Now, I was only there for about ten days, so I'm hardly an authority on all things Romanian. Our trip was limited to a few cities in the east, where my boyfriend's friends and family are scattered--Bucharest and Constanța, which I've mentioned, as well as Iași, a city in the northeast. But here's a list of ten highlights from my trip, in no particular order.
Mici on the grill
View from the hammock
The people: everyone I met on my trip was incredibly welcoming and generous. Old friends of my boyfriend opened their homes to us and took us around for glimpses of their cities and tastes of Romanian life (and food, of course). We were taken to markets, to the seaside, and even to an old, decrepit factory in Bucharest whose rooms were being rented out as inexpensive artist's studios. In turn, both my boyfriend's grandmothers fed us only as grandmothers can--think warm bowls of comforting, stewy goodness and three kinds of dessert at the end of every meal. And, towards the end of the trip, one of my boyfriend's uncles hosted a ridiculously good barbecue. There was so much great food and drink that I needed a nap between the main course and dessert. Luckily, there was a hammock on the rooftop terrace just waiting for me.
Sarmale: now, cabbages rolls are hardly anything exotic. Even my grandmother used to make them for Christmas dinners, and my family isn't at all Eastern European. The cabbage rolls (or sarmale) that I had in Romania, however, were something else--basically, elegant little cigar-sized packets of fatty, meaty, flavourful goodness (the ones we had in Iași especially so). Eaten with a little sour cream and a side of polenta and fresh farmer's cheese, there are few things better.
Mici
Mici: When we decided that we were going to eat whatever my boyfriend's family put on our plates in Romania--animal or vegetable--he got especially excited about one thing, mici. There isn't quite anything like them that most North Americans would be familiar with--the closest thing might be Turkish kebabs. But all you really need to know about mici is that they're an amazing blend of fatty ground lamb, beef, and pork marinated in beef stock and heavily punctuated with garlic that are shaped into generous oblong parcels and grilled over charcoal--in other words, delicious meat in tube form. We had these a couple of times at restaurants (they're more of a restaurant thing than an at-home thing), but the best were definitely the ones that my boyfriend's uncle grilled up at the barbecue.

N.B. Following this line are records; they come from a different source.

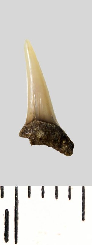 Зуб. Акула. Eostriatolamia subulata (Agassiz, 1843). Классификация: Хордовые Chordata, Позвоночные Vertebrata, Хрящевые рыбы Chondrichthyes, Пластиножаберные Elasmobranchii, Акулы Selachii, Ламнообразные Lamniformes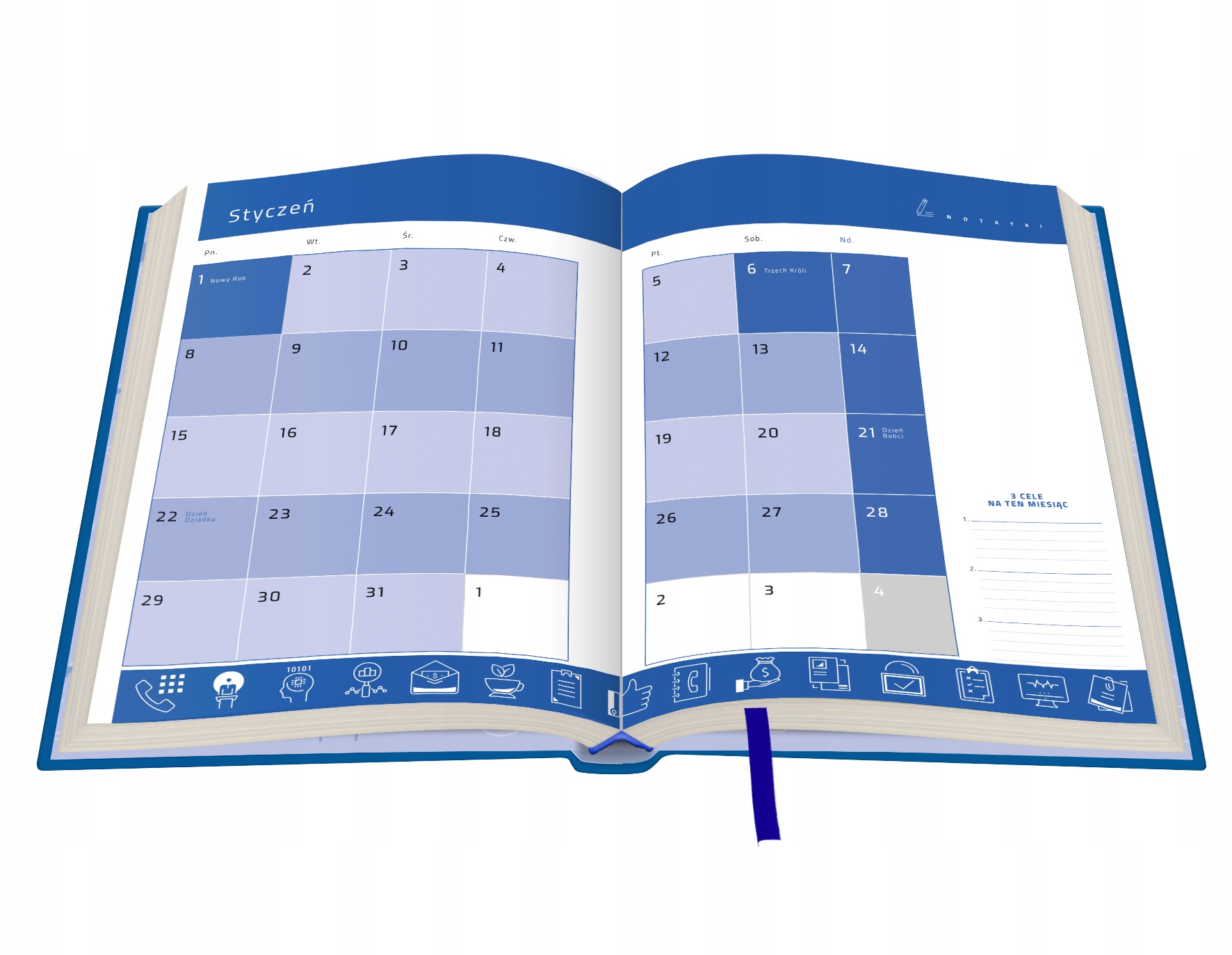 Для зручності в календарі є блакитна стрічка для позначення певного дня.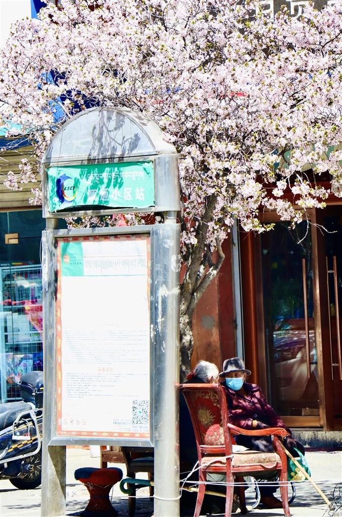 住在拉薩靠北邊的市民同樣能一飽眼福。娘熱北路兩側(cè)的榆葉梅已全部綻放,而緊鄰娘熱路的慈松塘中路和慈松塘東路更是一片春花爛漫的美好景象。慈松塘中路和北路的榆葉梅栽種較為密集,成團(tuán)成簇的淡粉色花朵擠在枝頭,樹(shù)下乘涼的老奶奶、樹(shù)邊??康墓卉?chē),在花朵的加持下,隨手一拍便是故事感極強(qiáng)的畫(huà)面。

They lived up to my boyfriend's childhood memory.
The Black Sea
The Black Sea: where my boyfriend grew up, he was just a short walk from the Black Sea. He would spend his summers swimming in it, and his grandfather would take him fishing on the weekends. We didn't have a chance to take a dip, but we walked along the beach and got our fill of the tiny fish he used to catch at a nearby restaurant.
Inner courtyard
Eating outdoors: a Berlin-based philosophy professor complained to us recently with his usual wryness that Americans didn't seem to enjoy spending time outdoors, that there weren't any places in and around the university, for instance, where you could sit outside and enjoy a beer or a coffee. I tried to defend our neighbourhood at the time, but having spent some time in Romania, I think he might be right...at least about Chicago. Apart from some family meals, we pretty much only ate outside in Romania, and it was great. Even the heart of Bucharest, restaurants managed to make room for good-sized patios, little havens from the bustle of the city out in the open air.
Moldovian mountains Orthodox church entrance
Driving through the mountains: I was a little sceptical when my boyfriend's uncle in Iași announced that we were going to spend the day visiting the many Orthodox churches and monasteries in the region. But, when I stepped out of the car after a couple hours of driving and found myself in a small village, I was struck by the stillness and serenity there. When you live in a city, you forget what silence is really like. Visiting the churches, which were rather beautiful, by the way, (the walls of Orthodox churches are always covered with gorgeous murals depicting biblical scenes and the lives of saints), was restorative. One of my favourite bits of that day was driving from one particular church to another--we took an old, narrow, densely wooded trail that took us from one side of a mountain to the other. It was bumpy, precarious, and thrilling. The air was thick with the scent of evergreens.
Ţuică: every culture, it seems, has its own clear, distilled, and fiery liquor. The Romanians' is ţuică, a sweet but hair-raising spirit made from plums. I'm sure that were it not for the supervision of one grandmotherly figure or another, the rest of the family would have insisted that we drink more of it. But, after too much wine and whisky already, one shot was definitely enough.

Column top
Roman ruins: the Romans annexed the territory on which present-day Romania sits before the 1st century AD and held it for a couple hundred years. As a result, broken columns and bits of Roman masonry are pretty common all over the place. I didn't get to run around a playground with two-thousand-year-old ruins just lying around when I was a kid. Did you?
Nicolae Comanescu: when we headed to the National Museum of Contemporary Art in Bucharest, I didn't really feel up to contemplating much art. I was happy to nurse cappuccinos on the warm, sunny terrace outside. But I'm glad that we went in. I'm not usually one for contemporary art, but I love Comanescu's work. Some of his pieces that we saw were bold, vivid, and playful collisions of beach scenes and familiar cityscapes. Others were sombre and atmospheric glimpses of Berceni, a neighbourhood in Bucharest. I would love to have one of his pieces hanging my living room.
The produce: pretty much all of the produce we ate in Romania was really fantastic, and the Romanians were nonchalant about it. There was no hype about heirloom varieties of peppers or tomatoes--a pepper was a pepper, and you ate them now, just as they were coming into the markets, or you roasted them and brined them by the bushel for the rest of the year. Everyone we met seemed to have something pickled or preserved for us to try. My favourite of the lot was definitely my boyfriend's aunt's raspberry preserves. After my much needed hammock nap at the barbecue, she brought me a little bowl of them made from raspberries she had picked in the mountains earlier this summer. They were incredible. (I suspect that the recipe my friend Oana posted here would make something just like them, if you could find yourself some wild raspberries.)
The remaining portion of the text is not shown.